Your Working Chair, 2015. Borrowed chairs of some of my MFA colleagues. 15 chairs, 1 rocking chair, 2 stools, 1 blanket, e-mail printed. Dimensions variable.

Dream Work, 2015. Printed basic combed cotton, silk thread, black curtain clips w/ hook. 64” x 213”

The project takes the form of an installation, an exhibition constituted by two works exploring the idea of site-specificity, artistic production, strike, the social and work dynamics as well as the intricate relations between production and consumption.
In YOUR WORKING CHAIR (2015) I borrow my peers working chairs. By working chairs I mean the chair that they use to work in their studios. And display it in my show at D301 from March 9-14, 2015. I see these objects as mechanisms of our daily activity. These are the chairs that promote the production of our work as well as support studio visits with faculty and other students– they are visible functional elements– as indispensable material and support structures that enable the studios to operate.
DREAM WORK (2015) brings things together that don't seem ready to be. It's a suspended 6 yard curtain that divides the space using the photoshop checkered as background for an image of the artist (me) sleeping in the studio. A superimposition by a series of images based on the importance of the unconscious mind as an latent archive composed by ghostly manifestations.

A friendship between Lúcia Prancha and Andy Rector, 2014

‘If art is what we do and culture is what is done to us – what would culture do to us if art is what we didn’t do?’ Keith Arnatt

This project involves a collaboration between a student from the art school and a student from the film school. I have invited film critic and artist Andy Rector to present his work in this exhibition space allocated to art students like myself. Rector works on the intersection of film history, film criticism, and social history through the juxtaposition and collaging of filmic matter. Rector addresses issues of power (major and minor), fear, and the presence of police in the cinema.

Rejecting to show my work and instead showing the work of another artist is to provide visibility to a student who may not be able to continue in the course.
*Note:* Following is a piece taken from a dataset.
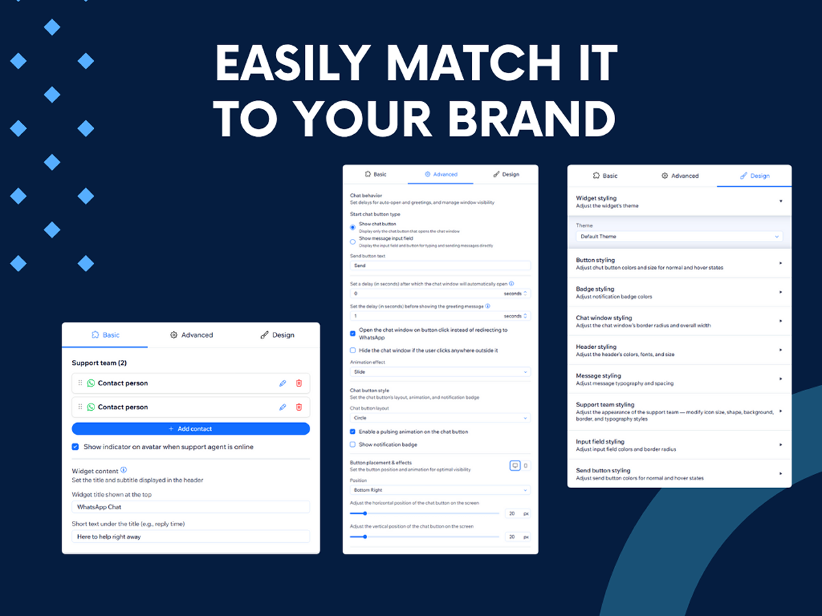 WhatsApp Chat lets your website visitors contact you instantly via WhatsApp. Add a WhatsApp chat button to your site in minutes — no coding required. Provide fast customer support with multiple contact options, letting visitors instantly reach the right team member. Boost engagement, increase conversions, and stay connected with customers on their favorite messaging app. Easily customize colors, text, and icons to match your brand and create a seamless live chat experience. Whether it’s answering questions, guiding purchases, or offering real-time support, WhatsApp Chat helps you build stronger relationships and turn visitors into loyal customers.

School grants are not always enough, especially if you have no family fortune or must embark on a high interest four-year loan to study in a private school. Students pay exorbitant amounts of money to study in the U.S. The same applies to other social institutions which are increasingly being made private.

The future is not smiling and choices have to be made. I am interested in what ideas of authorship and ownership represent today through the representation and affectation of human relations. What is the social weight of visibility and invisibility? What is more present: visibility or invisibility? What are the social implications of this change to visibility or invisibility, including the choice, or force, to go under the cloak? To study here is to gain visibility in a system that nurtures the work. To quit and leave is to go undercover, to move in secret, to maybe become invisible - with all the others. I am interested in what ideas of authorship and ownership represent today through the representation and affectation of human relations. What is the social weight of visibility and invisibility? What is more present: visibility or invisibility? What are the social implications of this change to visibility or invisibility, including the choice, or force, to go under the cloak? To study here is to gain visibility in a system that nurtures the work. To quit and leave is to go undercover, to move in secret, to maybe become invisible - with all the others.
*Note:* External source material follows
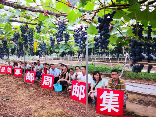 四川省资阳市雁江区邮政分公司结合乡村旅游开展“葡萄采摘+集邮周”活动。赖小洪 摄影报道

A CITIZEN'S ARREST an feature film and installation by Andy Rector at CalArts - California Institute of the Arts, Valencia, USA. 2014

The Haunted Screensavers, 2014. Two screensavers.

The work explores how an altered context informs social relations and actions. The consideration of structural elements as language
of a space, thus in sitespecific interventions, the manipulation of library computer screens as structures to deconstruct socially defined spaces and their uses, their history and playful possibilities. By way of appropriation, repetition, and from the ideas left by the –almost gone– Institutional Critique movement, I drew an almost invisible situation that suggest alternative perceptions of a place.
Starting from the context of CalArts library, as a marginal space to present art, I came with the idea of an intervention in the computers–a screensaver–The Haunted Screensavers (2014). Two screensavers: one minute scene of the haunted forest from “Snow White and the Seven Dwarfs” (1936) directed by Walt Disney, and the other one, three second gif taken from the internet a series of cartoon eyes blinking in the dark. This one recalls the eyes that haunt Snow White. Both screensavers were installed alternately on each computer at the CalArts Library for one day (December 11, 2014). The conceptual point of departure for this interventions at the library, came from my interest in art outside of the usual exhibitions spaces, art that doesn’t look like art and the play with ideas such as structures, meaning and functionality.
The screensaver is a computer program that blanks the screen or fills it with moving images or patterns when the computer is not in use. I’m interested in explore the space of non work, the space of sleep, therefore the screensavers computer and the possibilities of an machine’s unconscious/mind. The specific event addresses the library with an attempt to highlight the interface between the binaries: real/fiction, physical/digital and interior/exterior spaces.
Almost imperceptible, the screensavers lurk in the computers as haunted parasites.
With this intervention at the CalArts Library, I mixed fictional fragments, the overlap of historical and contemporary contexts and relational elements to address as well as symbolic escape routes from the everyday and the use of common spaces.
In both directions the students and library visitors are revealed to be the protagonists who complete the work.